On
Tuesday, 2 October 2012 the High Court will deliver judgment in a number of
reserved cases at 10:15am.
First cab off the rank, and probably least interesting, is a
judgment in relation to costs following the delivery of judgment in Board of Bendigo Regional Institute of Technical and Further Education v
Barclay [2012] HCA 32 on 7 September 2012.
Twiggy Forrest will be hoping for
two out of two when judgment is delivered in in Forrest v ASIC,
an appeal against the Full Federal Court’s decision upholding an application by
ASIC for civil penalties to be imposed on Forrest and Fortescue Metals.

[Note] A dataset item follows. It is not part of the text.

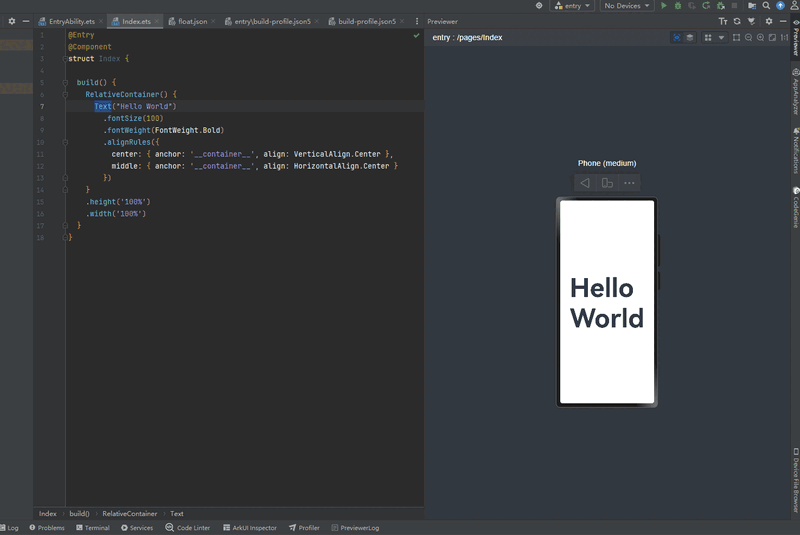 ArkTS应用/元服务均支持页面预览。页面预览通过在工程的ets文件中,给自定义组件添加@Entry装饰器,即可以查看当前UI页面效果。

The proceedings related to alleged misrepresentations about to contracts
entered into with a number of Chinese companies for the construction of certain
railway infrastructure for Fortescue Metal’s Pilbara iron ore project. At
first instance ASIC’s application was dismissed in one of its many spectacular
failures in the courts in recent years. At issue will be the extent to
which, and the circumstances in which, a statement of opinion (and in
particular an opinion as to the effect of a contract) will be held to be
misleading.
A potentially significant judgment
will be delivered in Barclay
v Penberthy. This case arose out of an aircraft accident in
Western Australia on 11 August 2003. Penberthy was the pilot of the
aircraft, which had been chartered by Nautronix Holdings to conduct
surveillance and aerial work in connection with marine technology it was
developing. Two passengers died and three were injured: all were
employees of Nautronix. At trial, it was held that the cause of the
accident was a failure of an engine during takeoff, and the negligent handling
of the aircraft in response to that failure. The engine failure was
caused by a faulty sleeve bearing. The bearing was not the original
bearing but a substitute that had been designed by Barclay, an aeronautical
engineer. As a result of the loss of the death and injury to Nautronix’s
employees, its capacity to develop and commercially exploit the marine
technology was inhibited, leading to a claim by Nautronix for pure economic
loss. At issue in the case is whether or not Penberthy and/or Barclay
owed Nautronix a duty to exercise reasonable care to prevent it from suffering
pure economic loss. Determining that issue will involve an examination of
the action by an employer for loss of services of its employees (per quod
servitium amisit), and its interaction with the rule on Baker v Bolton
(which held that at common law the death of a person causes solely emotional
and pure economic loss to their dependants, neither of which sounds in damages
– this case resulted in the enactment of Lord Campbell’s Act).
Finally, judgment will be delivered in
Commissioner of
Taxation v Qantas Airways Ltd. This case raises the question of
what is the taxable supply, if any, where a passenger has paid the fare for a
flight but either cancels the
reservation [see Seinfeld reference] or does not present themselves for
carriage, and no refund is available or claimed: is it the reservation or the
failed flight?
The 70th birthday (aka
the Constitutional age of senility) of Gummow J next Tuesday, 9 October 2012
means there is less than a week for judgments to be delivered in the remaining
cases on which Gummow J sat, including:
- Plaintiff M47/2012 v DirectorGeneral of Security (adverse security assessments of asylum seekers)
- JT International SA vCommonwealth of Australia (tobacco plain packaging)
- International Litigation Partners Pte Ltd v Chameleon MiningNL (Receivers & Managers Appointed) (validity of litigation funding arrangement)
- Harbour Radio Pty Limited v Trad (defamation defence of substantial truth)
That's very informative. Thanks for the post.